### [DATA SECTION]
================================

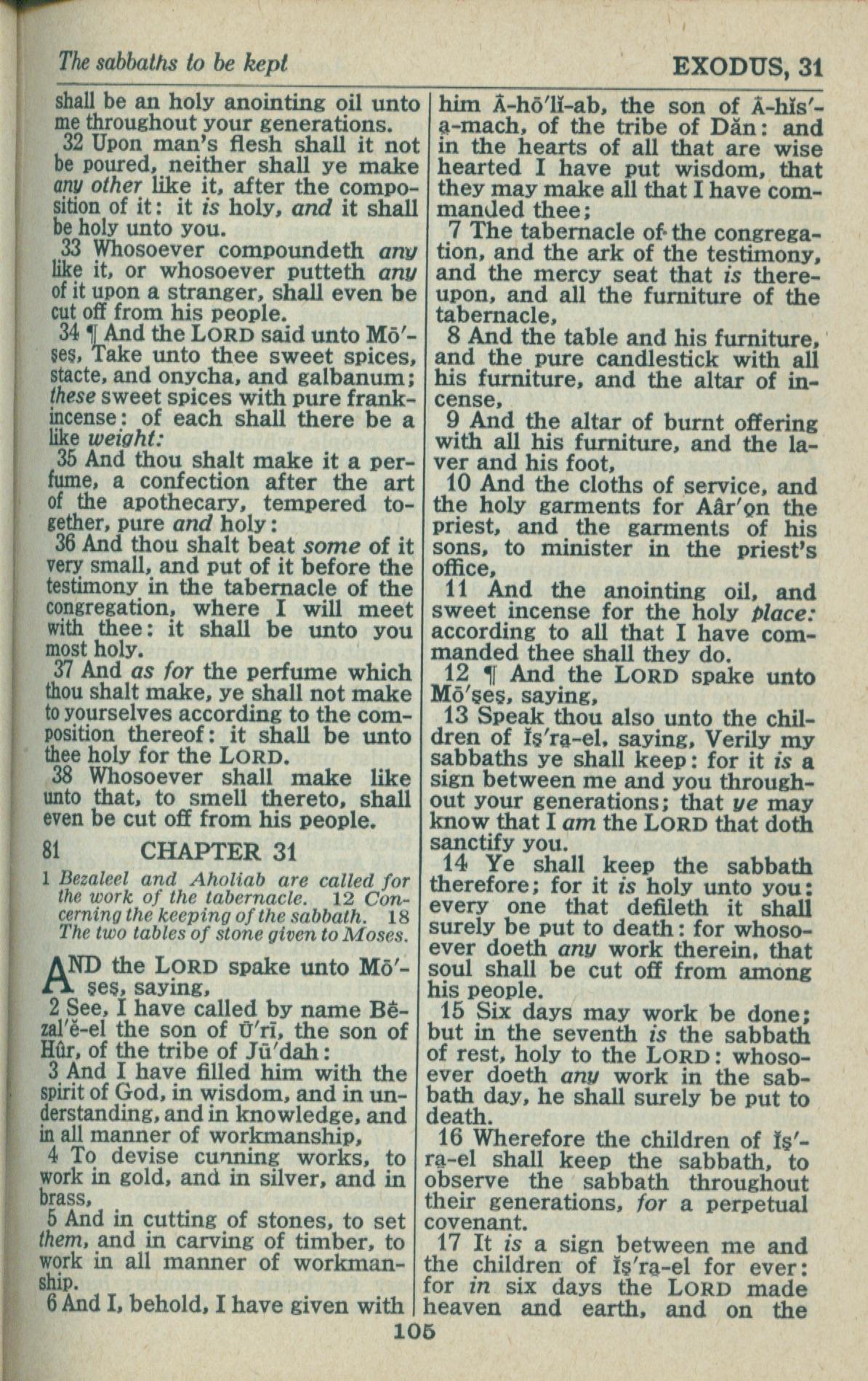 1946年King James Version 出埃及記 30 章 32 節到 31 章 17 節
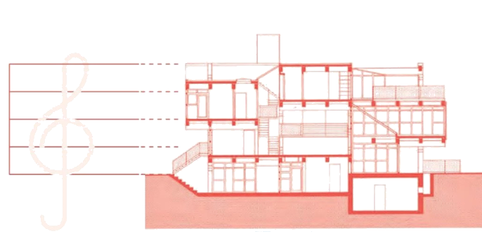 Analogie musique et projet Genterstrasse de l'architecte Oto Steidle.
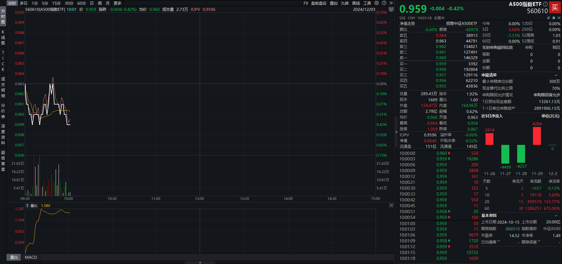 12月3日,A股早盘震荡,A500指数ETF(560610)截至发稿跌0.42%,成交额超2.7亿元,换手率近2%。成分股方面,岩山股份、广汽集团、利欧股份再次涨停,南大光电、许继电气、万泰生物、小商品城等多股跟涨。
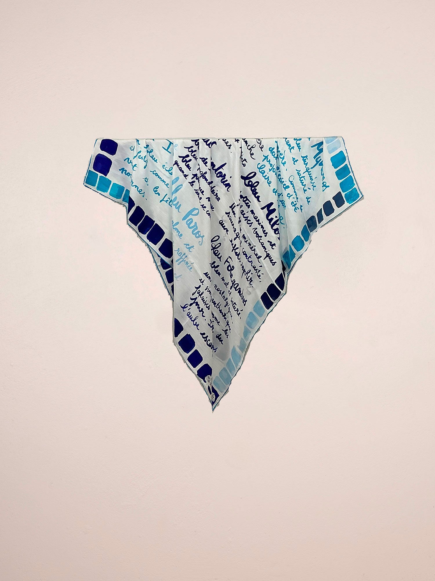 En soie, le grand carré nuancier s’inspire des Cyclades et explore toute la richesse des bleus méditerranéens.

================================

### [TASK DIRECTIONS]
Excluding all images, transcribe the material word for word.

### [YOUR SOLUTION]
 1946年King James Version 出埃及記 30 章 32 節到 31 章 17 節
 Analogie musique et projet Genterstrasse de l'architecte Oto Steidle.
 12月3日,A股早盘震荡,A500指数ETF(560610)截至发稿跌0.42%,成交额超2.7亿元,换手率近2%。成分股方面,岩山股份、广汽集团、利欧股份再次涨停,南大光电、许继电气、万泰生物、小商品城等多股跟涨。
 En soie, le grand carré nuancier s’inspire des Cyclades et explore toute la richesse des bleus méditerranéens.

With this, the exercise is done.